Work to be completed: Please copy exactly the line that contains "Kế tiếp, bạn" and every line after it through the end of the records, leaving the pictures out.

[Records from a data collection]
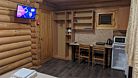 Уютный 2-местный номер в деревянном домике. Главное его отличие от номера "Стандарт" - это наличие кухонных принадлежностей и плитки для приготовления пищи. При необходимости комплектуется дополнительным детским местом (раскладушка с матрацем + постельное белье). В номере есть горячая вода, душевая кабина, унитаз, раковина, гель и шампунь для душа, а также прочие принадлежности. Есть небольшой стол, стулья, чайник с комплектом посуды, мини-холодильник, микроволновая печь, индукционная плитка. Комплект посуды для приготовления пищи (кастрюля, сковородка, сотейник). LED-телевизор + 20 цифровых каналов. На окнах имеется антимоскитная сетка. На улице у номера установлен мангал, стол со скамейками и индивидуальное освещение площадки. В номере имеется отопление. Есть бесплатный Wi-Fi. Один домик состоит из двух номеров с раздельными входами.Услуги и удобства
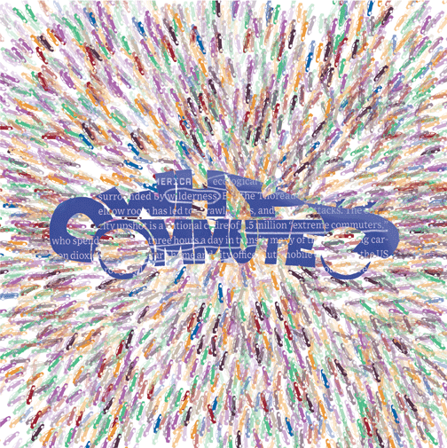 I chose to illustrate this phrase by creating an icon of a vehicle and depicting the masses of traffic to an extreme. It is almost overwhelming to the eyes. However, it allowed a simple question to form at the centre asking Why Commute? The image of why commute at the centre is a reflection of all the other vehicles moving towards a common centre.
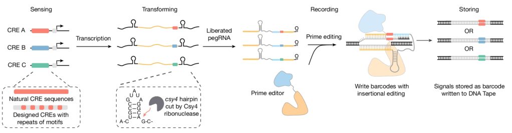 Symbolic recording of signalling and cis-regulatory element activity to DNA
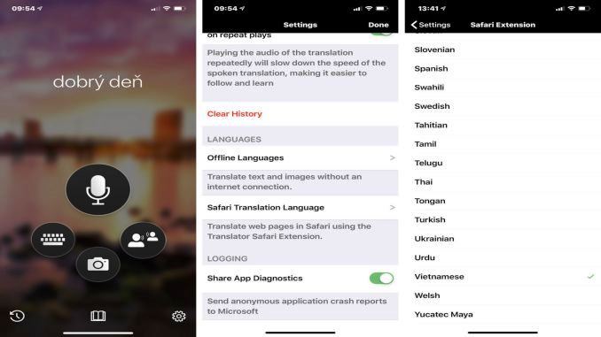 Kế tiếp, bạn chạy app Microsoft Translator rồi bấm lên biểu tượng bánh xe ở phía dưới màn hình để vào Settings rồi chọn cài các gói ngôn ngữ cần dịch, thí dụ tiếng Anh, tiếng Việt, tiếng Hàn… ở mục Offline Languages. Bạn tiếp tục vào mục Safari Translation Language để chọn ngôn ngữ đích (to) là Vietnamese. Sau đó, đóng app Microsoft Translator là xong phần xác lập cho việc chuyển đổi ngôn ngữ tự động.
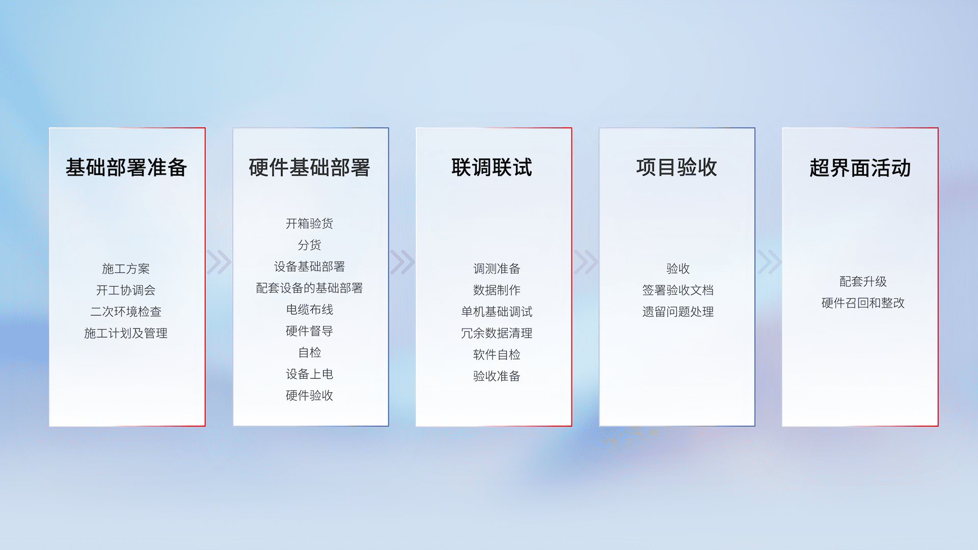 从基础部署准备、、、、硬件基础部署、、、、联调联试、、、项目验收、、越界面活动的全过程可追溯,,,保证施工质量和进度。。
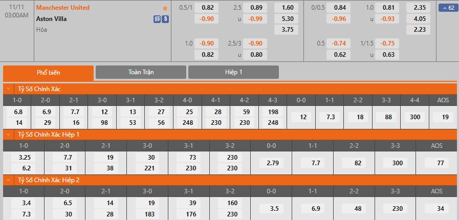 Soi kèo châu Á Manchester United vs Aston Villa
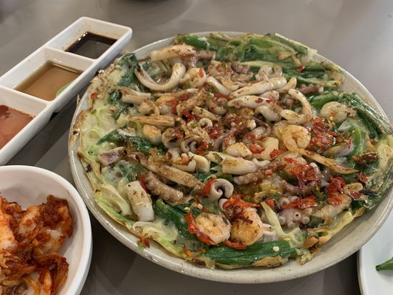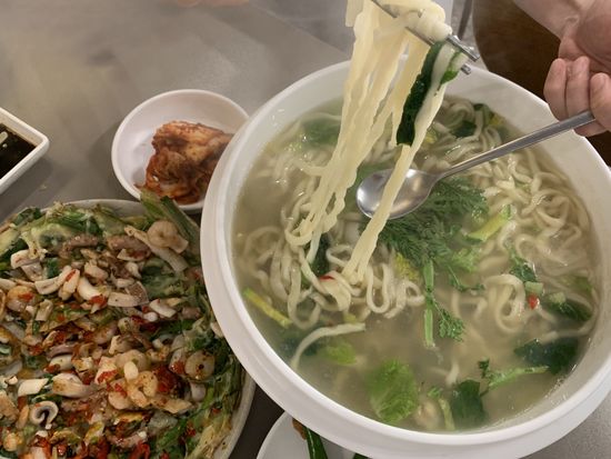 看板メニューのカルグクスの麺はもちもちで、スープには新鮮な貝の旨味が染み出しています!具材たっぷりの海鮮チヂミもお召し上がりください。

Expected answer:
 Kế tiếp, bạn chạy app Microsoft Translator rồi bấm lên biểu tượng bánh xe ở phía dưới màn hình để vào Settings rồi chọn cài các gói ngôn ngữ cần dịch, thí dụ tiếng Anh, tiếng Việt, tiếng Hàn… ở mục Offline Languages. Bạn tiếp tục vào mục Safari Translation Language để chọn ngôn ngữ đích (to) là Vietnamese. Sau đó, đóng app Microsoft Translator là xong phần xác lập cho việc chuyển đổi ngôn ngữ tự động.
 从基础部署准备、、、、硬件基础部署、、、、联调联试、、、项目验收、、越界面活动的全过程可追溯,,,保证施工质量和进度。。
 Soi kèo châu Á Manchester United vs Aston Villa
 看板メニューのカルグクスの麺はもちもちで、スープには新鮮な貝の旨味が染み出しています!具材たっぷりの海鮮チヂミもお召し上がりください。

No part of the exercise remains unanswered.